» Listed records
****************************************

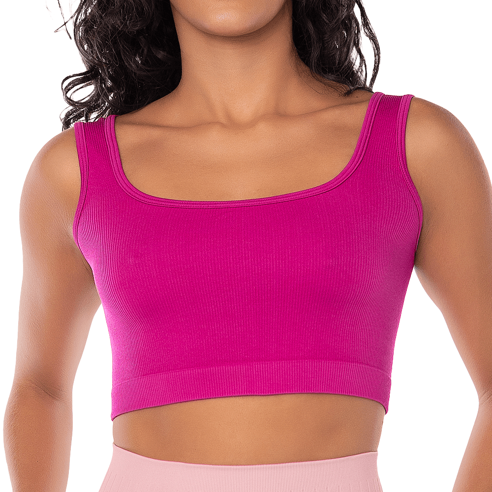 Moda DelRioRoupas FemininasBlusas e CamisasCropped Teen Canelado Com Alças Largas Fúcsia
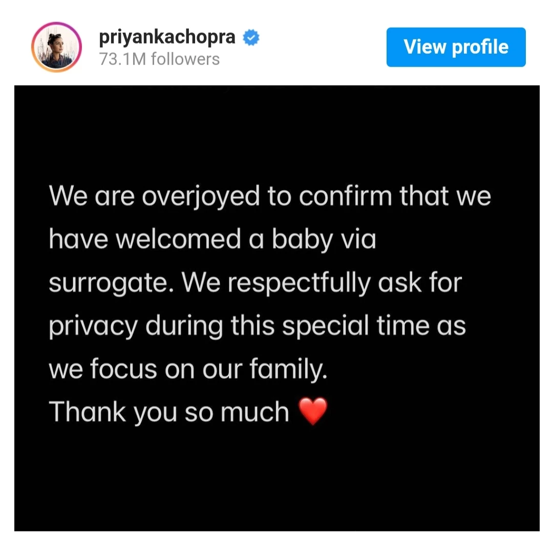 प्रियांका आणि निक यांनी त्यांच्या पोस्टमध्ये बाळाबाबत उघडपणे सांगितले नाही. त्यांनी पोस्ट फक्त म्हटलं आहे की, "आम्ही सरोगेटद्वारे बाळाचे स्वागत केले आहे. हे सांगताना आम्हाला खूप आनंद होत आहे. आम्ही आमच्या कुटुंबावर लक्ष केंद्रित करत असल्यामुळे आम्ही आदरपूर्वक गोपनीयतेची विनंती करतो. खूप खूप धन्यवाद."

****************************************

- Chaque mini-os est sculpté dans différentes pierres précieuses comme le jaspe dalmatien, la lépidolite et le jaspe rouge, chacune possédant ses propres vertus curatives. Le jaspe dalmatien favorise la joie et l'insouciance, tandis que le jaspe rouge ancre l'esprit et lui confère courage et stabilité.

****************************************

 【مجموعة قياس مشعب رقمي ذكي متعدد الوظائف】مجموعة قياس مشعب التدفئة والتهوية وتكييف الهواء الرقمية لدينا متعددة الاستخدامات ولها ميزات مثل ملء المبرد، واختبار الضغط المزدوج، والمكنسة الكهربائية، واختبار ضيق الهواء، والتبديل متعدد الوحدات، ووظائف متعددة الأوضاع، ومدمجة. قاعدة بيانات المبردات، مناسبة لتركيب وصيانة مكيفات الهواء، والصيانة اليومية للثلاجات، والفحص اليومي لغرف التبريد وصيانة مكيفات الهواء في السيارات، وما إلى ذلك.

****************************************

» Problem to work on
Please copy out from the data above, without any picture, exactly the lines running from the one that holds "Moda DelRioRoupas FemininasBlusas" through the one that holds "प्रियांका आणि निक", and nothing beyond them.

» Written solution
 Moda DelRioRoupas FemininasBlusas e CamisasCropped Teen Canelado Com Alças Largas Fúcsia
 प्रियांका आणि निक यांनी त्यांच्या पोस्टमध्ये बाळाबाबत उघडपणे सांगितले नाही. त्यांनी पोस्ट फक्त म्हटलं आहे की, "आम्ही सरोगेटद्वारे बाळाचे स्वागत केले आहे. हे सांगताना आम्हाला खूप आनंद होत आहे. आम्ही आमच्या कुटुंबावर लक्ष केंद्रित करत असल्यामुळे आम्ही आदरपूर्वक गोपनीयतेची विनंती करतो. खूप खूप धन्यवाद."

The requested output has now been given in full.